Adoption in America - Child Welfare League of America study

Children Today, May-June, 1989

Adoption in America

While thousands of prospective adoptive parents are waiting years for children, primarily healthy white infants, a recent study by the Child Welfare League of America (CWLA) found that at least 34,000 children are waiting an average of almost two years to be adopted. Eighty-two percent of the children waiting have special needs, and 51 percent of those waiting for adoption are minority children.

For the study, The State of Adoption in America, CWLA surveyed 48 statewide public and 103 private, voluntary agencies. The study--prepared with the assistance of CWLA's National Task Force on Adoption--explored such issues as the types of openness in adoption, how agencies allocate staff time, the degree to which post-legal adoption services are provided, and the presence or absence of formal policies in such areas as interracial adoption and the adoption of children with HIV infection.

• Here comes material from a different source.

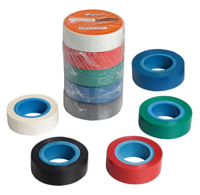 Изолента ПВХ. Набор 5 шт.: синий, черный, красный, зеленый, белый. Длина (м): 10.

Among the study findings:

* Adoptive parent applicants on both public and voluntary agency lists wait approximately three years. Public agencies cite four major factors as critical barriers in achieving timely placements: lack of minority parents for the number of minority children awaiting adoption; lack of parents willing to take children with special needs; delay in termination of birth parents' rights; and lack of agency staff and money.

* Approximately one-third of the adoptions reported through the survey by voluntary agencies involved Americans adopting children from other countries.

* Openness in adoption appears to be on the increase. Voluntary agencies report increases in the participation of birth parents in the selection of adoptive parents, in meetings between birth and adoptive parents when identifying information is not shared, and in the practice of birth parents communicating to the child through the agency or adoptive family.

* A majority of agencies are providing post-legal adoption services to all members of the adoption triad.